As it turned out, I was destined to go back to Azerbaijan – the place from where I had set off to explore the world - rather soon, and not years later, as I imagined that evening watching the Macedonian film. When you are a professional reporter, imagining and planning things far ahead is a silly business. My work as a journalist took me back to Azerbaijan on many an occasion. I happened to be in Baku on a tragic day when, to my anguish and disbelief, I had to report the terrorist bombing in the city’s underground that claimed the lives of dozens of innocent people, including that of one of my all-time favourite musicians. I travelled along the shores of the Caspian trying to investigate the mysterious cycle of the sea’s rising levels. I watched the construction of a major pipeline that stretched for thousands of miles from the Caspian shore all the way to the turquoise waters of the Mediterranean. I thought I had left no stone unturned discovering, as it were, my own country.

In the autumn of 2012, I was privileged to make another comeback, although this time not as a journalist, but in the more unusual role of guide. I spent two weeks travelling across the country, helping first French and then British travel journalists and photographers to discover for themselves what Azerbaijan has to offer.
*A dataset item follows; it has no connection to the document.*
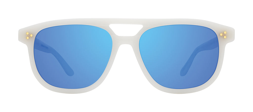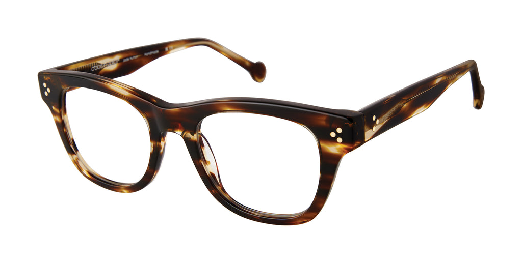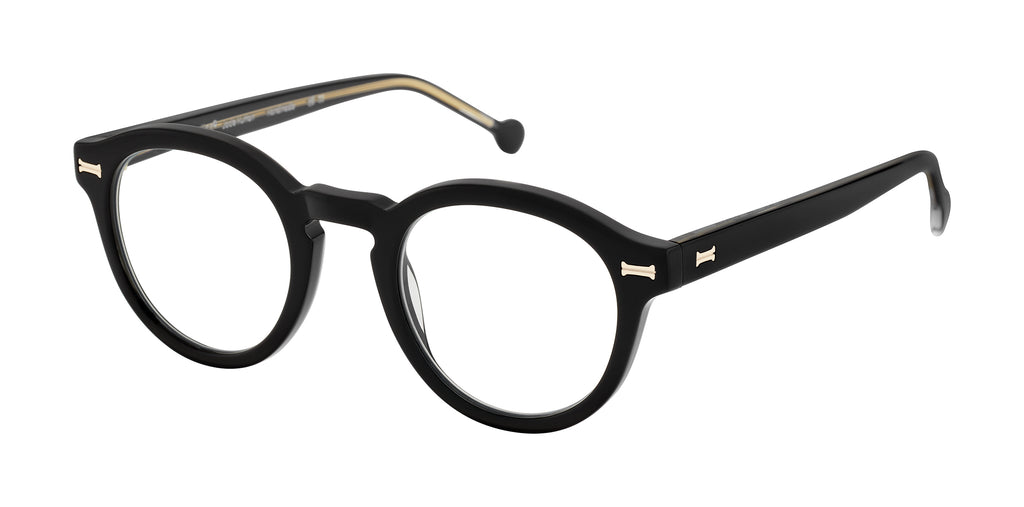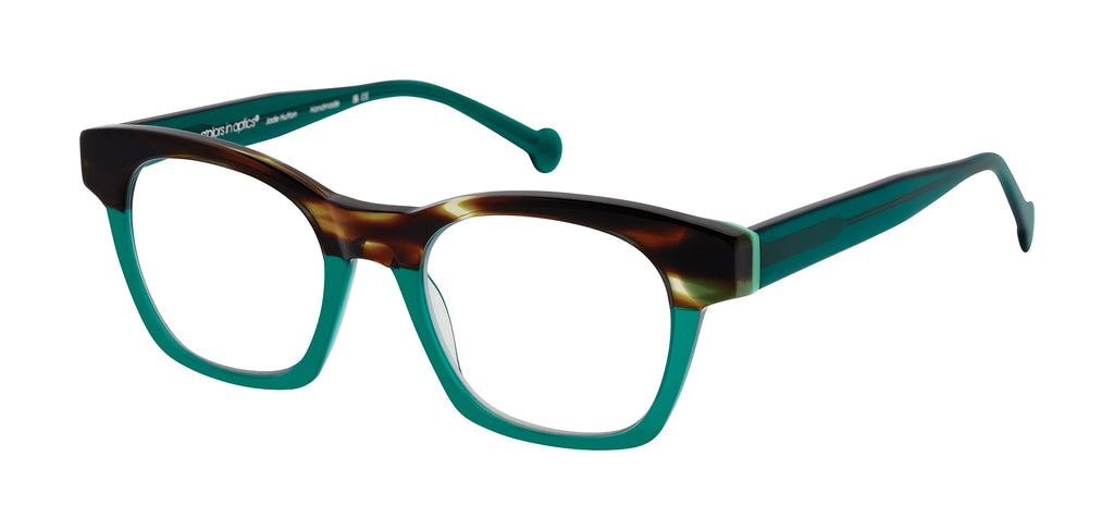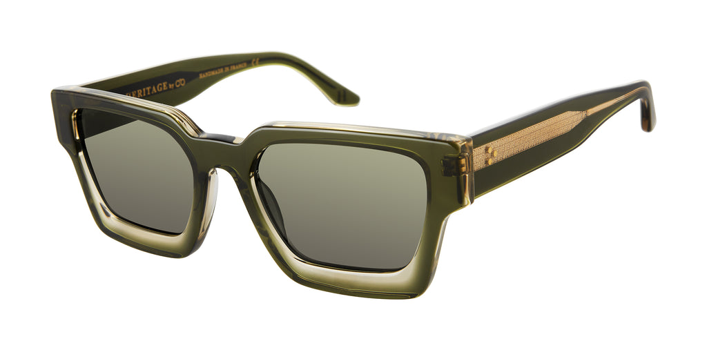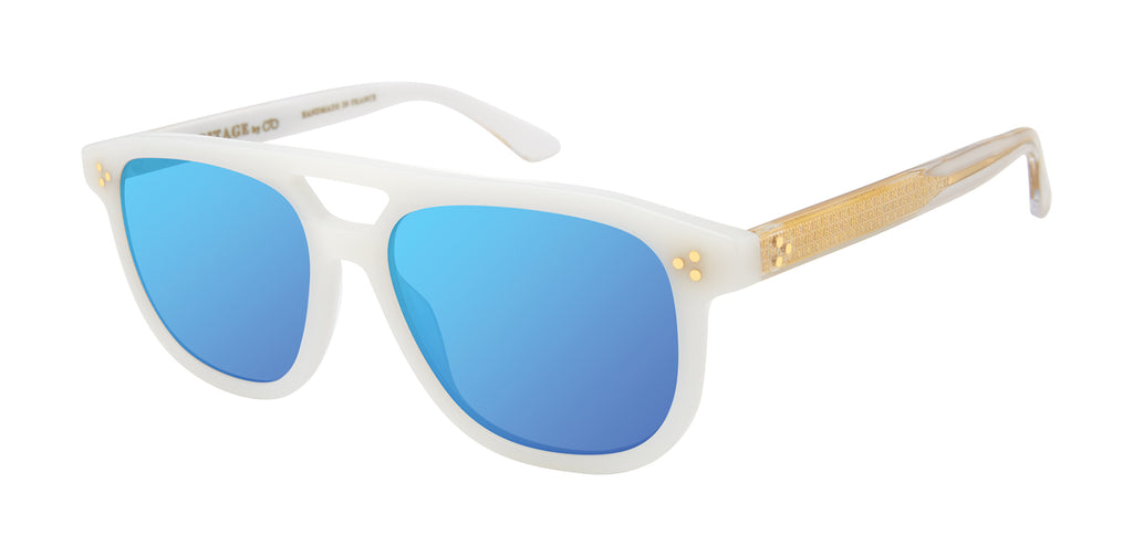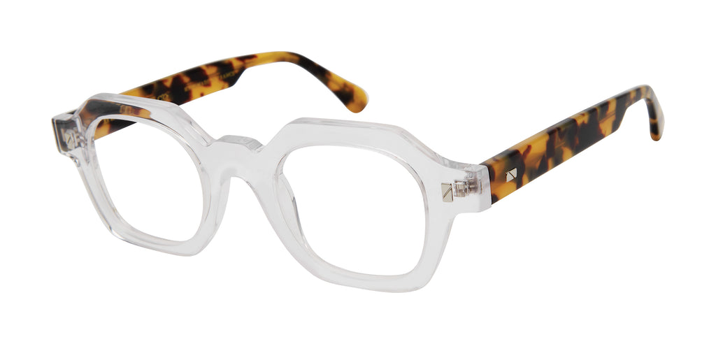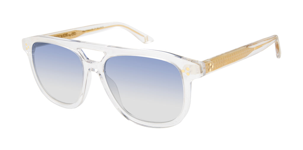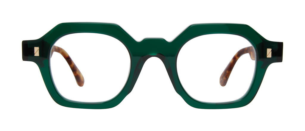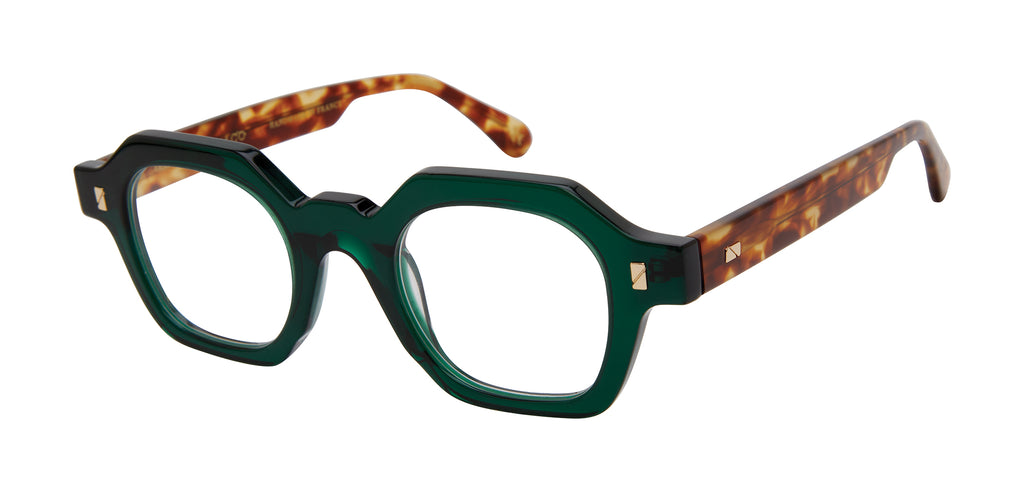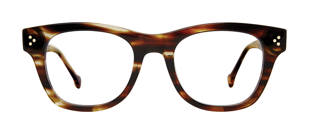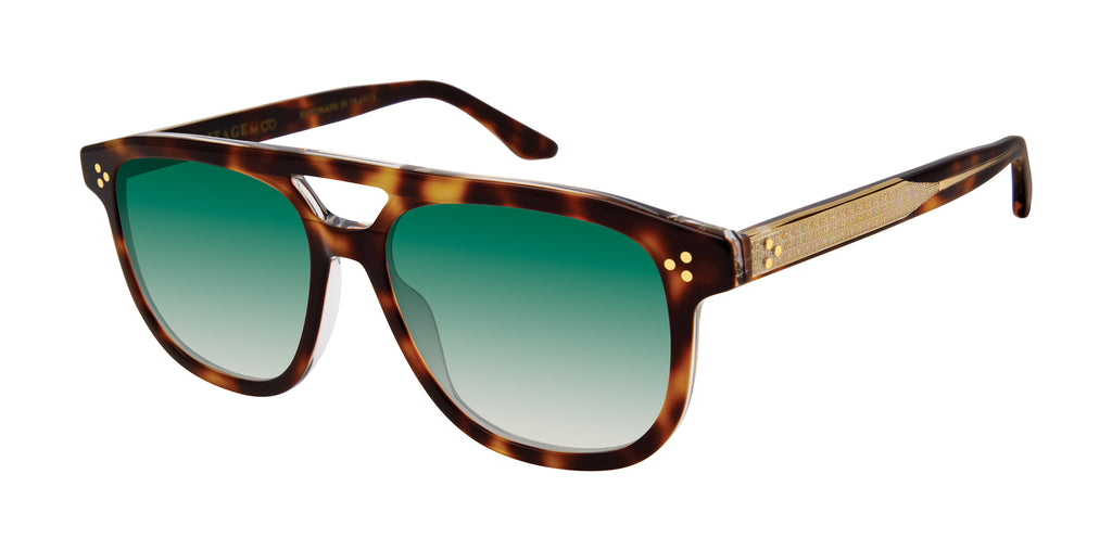 An iconic square silhouette complimentary to almost every face shape, Eldridge presents vintage double pin head detailing and a keyhole bridge. Handmade.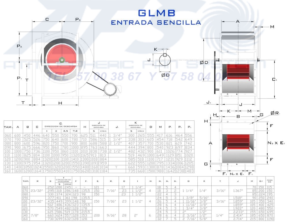 DIMENSIONES CENTRIFUGO GLMB-3 ENTRADA SENCILLA

The journey took us to various corners of this ‘small, yet such a diverse place’, as one of the visitors called the country. From cobbled, curvy streets in the Old Town of Baku, to the medieval mausoleums and shrines of Nakhchivan, to six-domed synagogues in Quba’s Red Settlement, to the breathtaking slopes of the Caucasus surrounding Qabala, to cosy tea-houses and caravanserais in Sheki and an ancient Christian church in the village of Nij.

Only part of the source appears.